The Heimtextil Trend Preview 23/24 presented future-oriented design concepts and inspiration for the textile furnishing sector. With ‘Textiles Matter’, Heimtextil 2023 wants to set the benchmark for tomorrow’s forward-facing and sustainable textile furnishing. Hence, the focus is on circularity. Marta Giralt Dunjó of futures research agency FranklinTill (Great Britain) presented the design prognoses for 23/24. At the coming Heimtextil in Frankfurt am Main from 10 to 13 January 2023, the presentations of new products will generate stimulating impulses in the Trend Space.

The Heimtextil Trend Preview 23/24 presented future-oriented design concepts and inspiration for the textile furnishing sector. With ‘Textiles Matter’, Heimtextil 2023 wants to set the benchmark for tomorrow’s forward-facing and sustainable textile furnishing. Hence, the focus is on circularity. Marta Giralt Dunjó of futures research agency FranklinTill (Great Britain) presented the design prognoses for 23/24. At the coming Heimtextil in Frankfurt am Main from 10 to 13 January 2023, the presentations of new products will generate stimulating impulses in the Trend Space.

The Heimtextil Trend Council – consisting of FranklinTill Studio (London), Stijlinstituut Amsterdam and Denmark’s SPOTT Trends & Business agency – offers insights into the future of the national and international market. The focus is more than ever before on sustainability and the circular economy, the main factors in setting the trends for the season 23/24.

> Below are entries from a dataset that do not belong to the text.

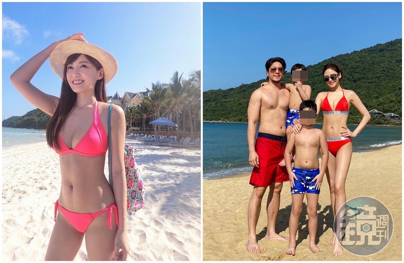 曾擔任TVBS主播,之後轉型藝人的王怡仁,2012年與鞋業小開張育翰閃婚,肓有二子一女的她,今(14日)在臉書大晒與老公兩個兒子在越南的渡假照,39歲的她更穿上火紅色比堅尼,露出苦練多年的馬甲線,身材火辣絕對不像三寶媽。
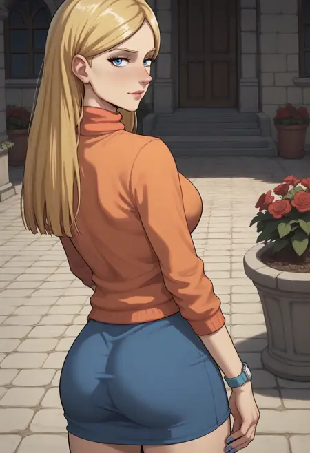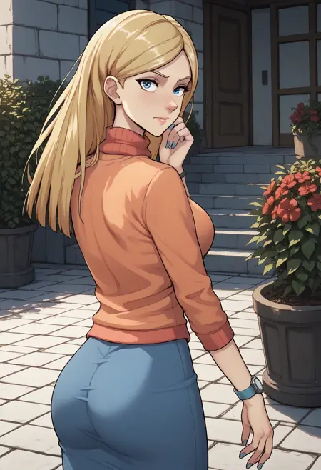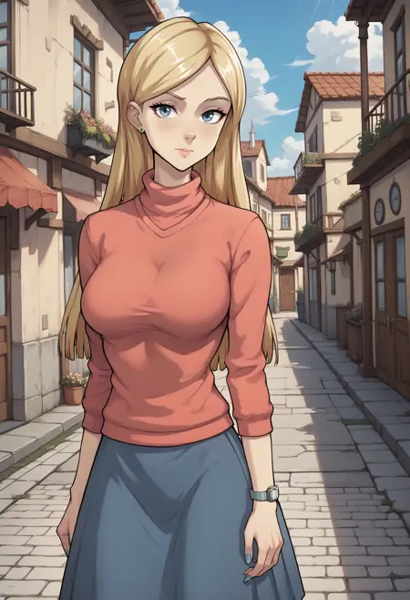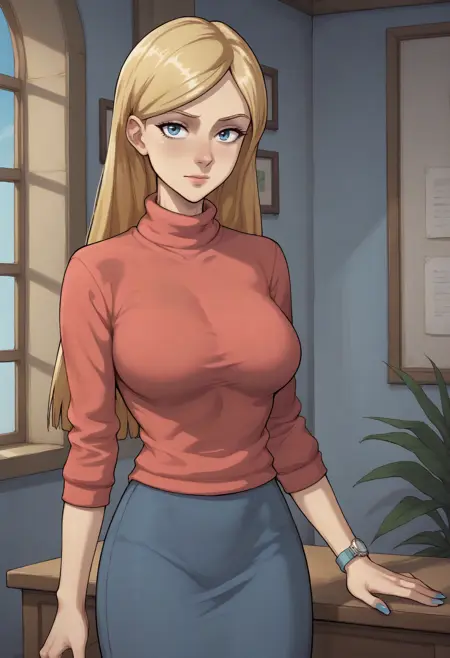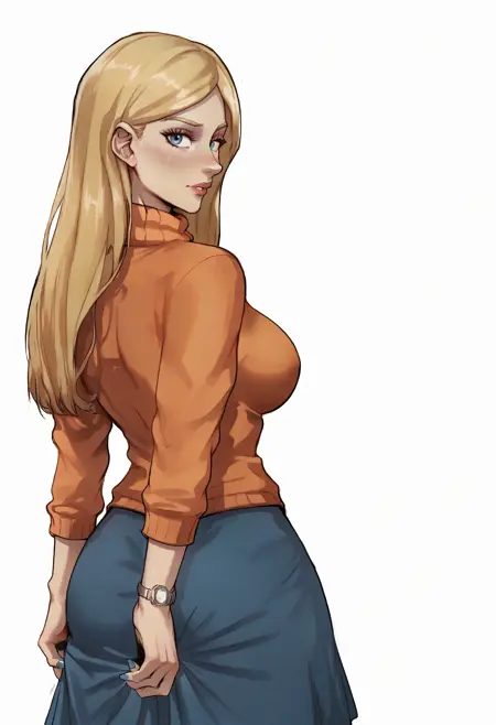 recommended tags: 1girl, blue eyes, blonde hair, long hair, breasts, large breasts, sweater, turtleneck, skirt, blue skirt, nail polish, blue nails, watch, wristwatch,
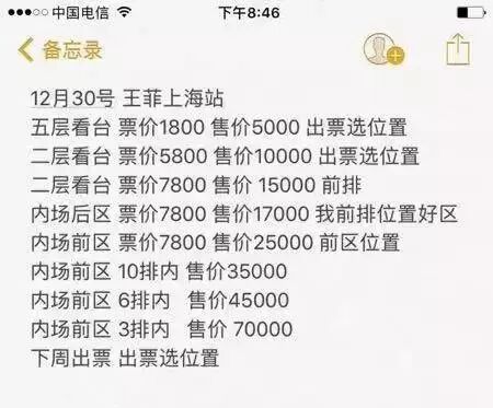 此后,在一些二手票交易平台,以及一些职业黄牛个人的微信朋友圈和淘宝店里,我们会看到王菲演唱会门票价格一路走高,内场从3万、5万、10万,炒到二三十万,最夸张的还有上百万一张;看台5800元的票炒到到一两万,票面最低价1800元的座位也炒到将近一万……我的微信好友有2600多人,其中大部分是中高收入群体,或者说至少是愿意为文艺演出花中高价钱的群体,但是在12月初,我朋友圈里晒演出门票的人微乎其微。
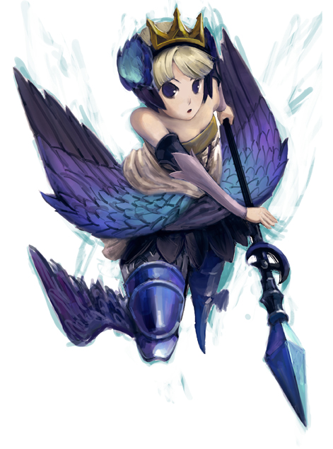 1girlarmorarmored dressbare shouldersblue eyesbootscrowndresselbow glovesfemale focusfull bodyglovesmulticolored wingspolearmpterugessolospearstraplessstrapless dressthigh bootsthighhighsvalkyrieweaponwhite backgroundwhite hairwings
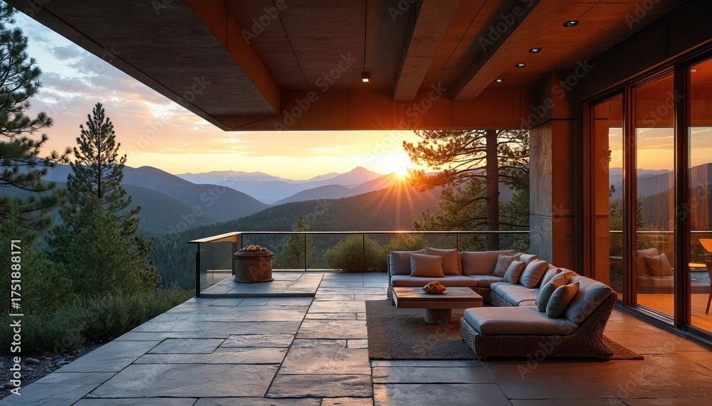 Modern mountain home patio features cozy sofa coffee table s Wallpaper
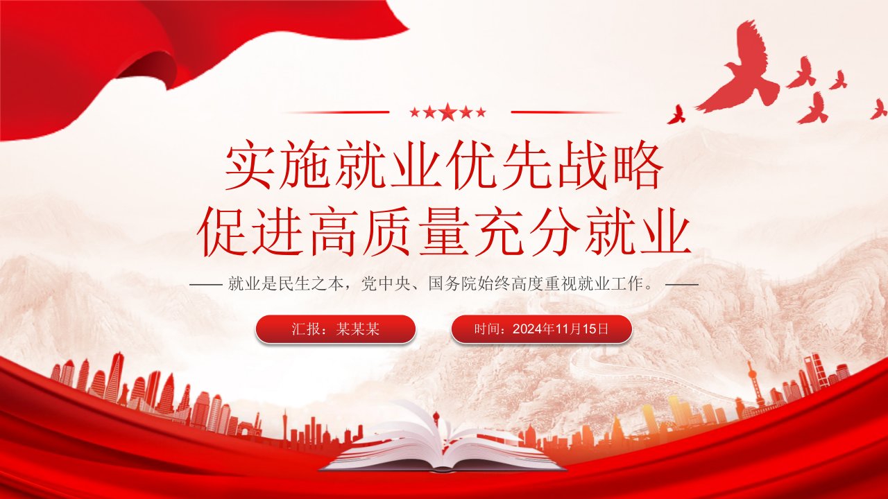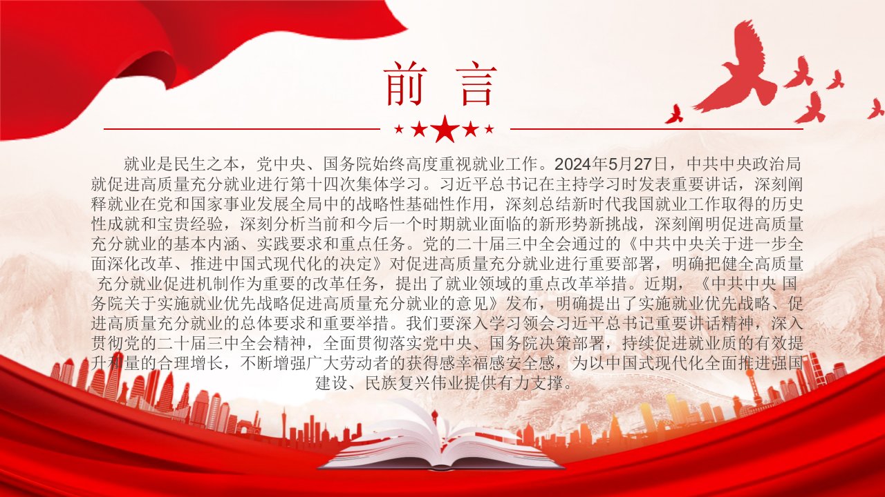 标题:党员干部学习二十届三中全会党课(PPT 讲稿):关于实施就业优先战略促进高质量充分就业的意见
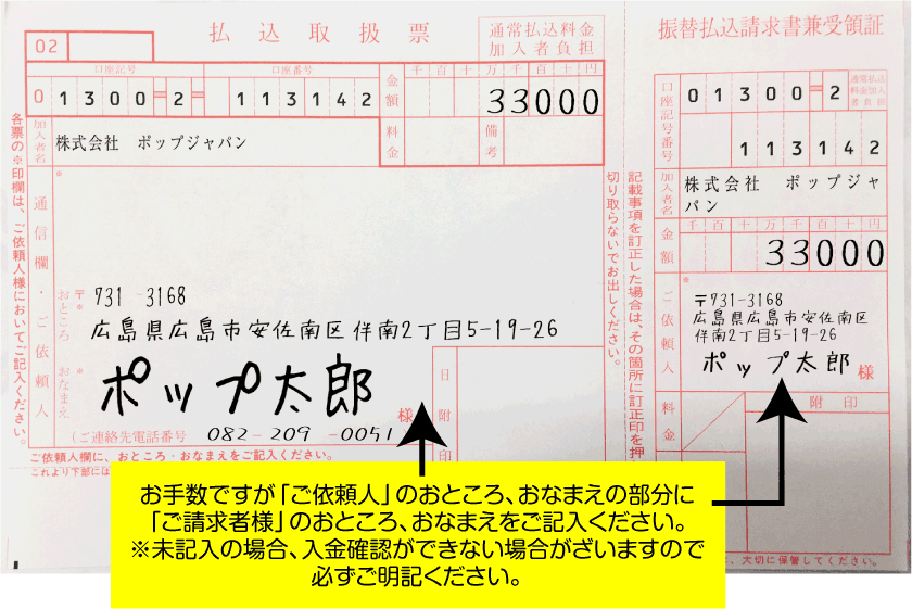 - ・振込用紙は商品と一緒にお送り致します。
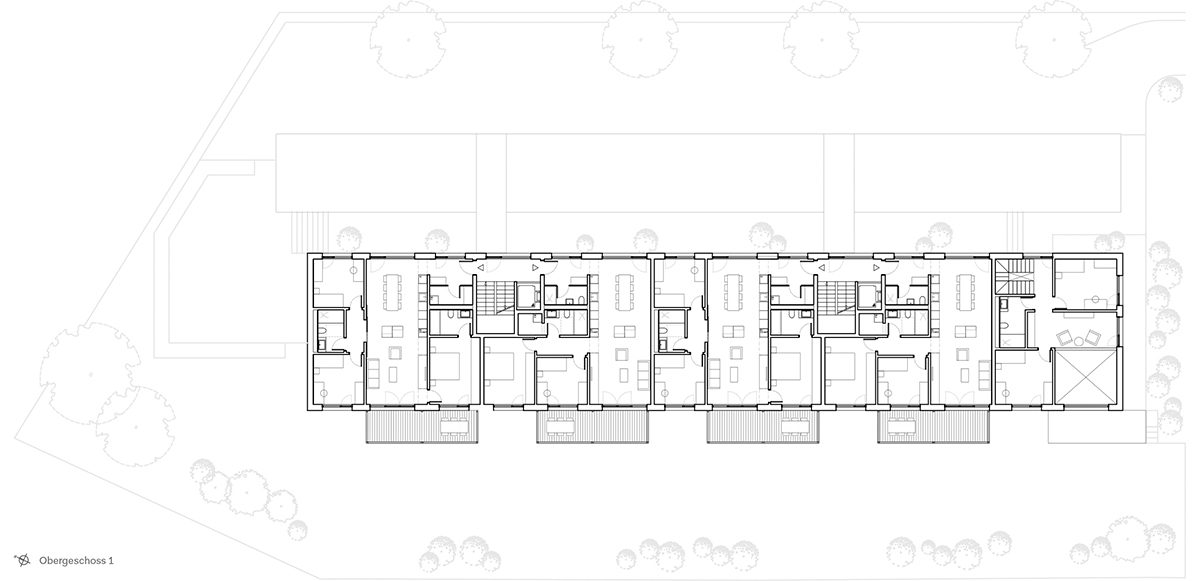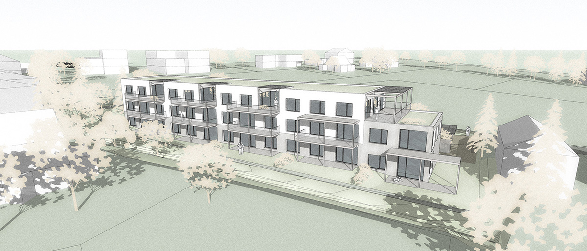Le programme fonctionnel prévoit 13 unités d’habitation dans un mix d’appartements de 2,5 , 3,5 et 4,5 pièces , plus une maison de ville en duplex avec accès individuel.

Textiles Matter: bear responsibility
Textiles are an integral part of modern life. The material applications and the manufacturing processes are no less multifarious than user expectations. And this represents a great challenge for the international textile industry, which obtains its raw materials from a broad spectrum of sources and uses numerous processes to make a huge variety of products. This offers a great potential for the sustainable development of the textile industry in the future. The Heimtextil Trends show ways in which this potential can be utilized and sustainable developments promoted. Under the motto ‘Textiles Matter’, visitors can explore concepts for increased circularity, which will generate new impulses for the sustainable market of the future.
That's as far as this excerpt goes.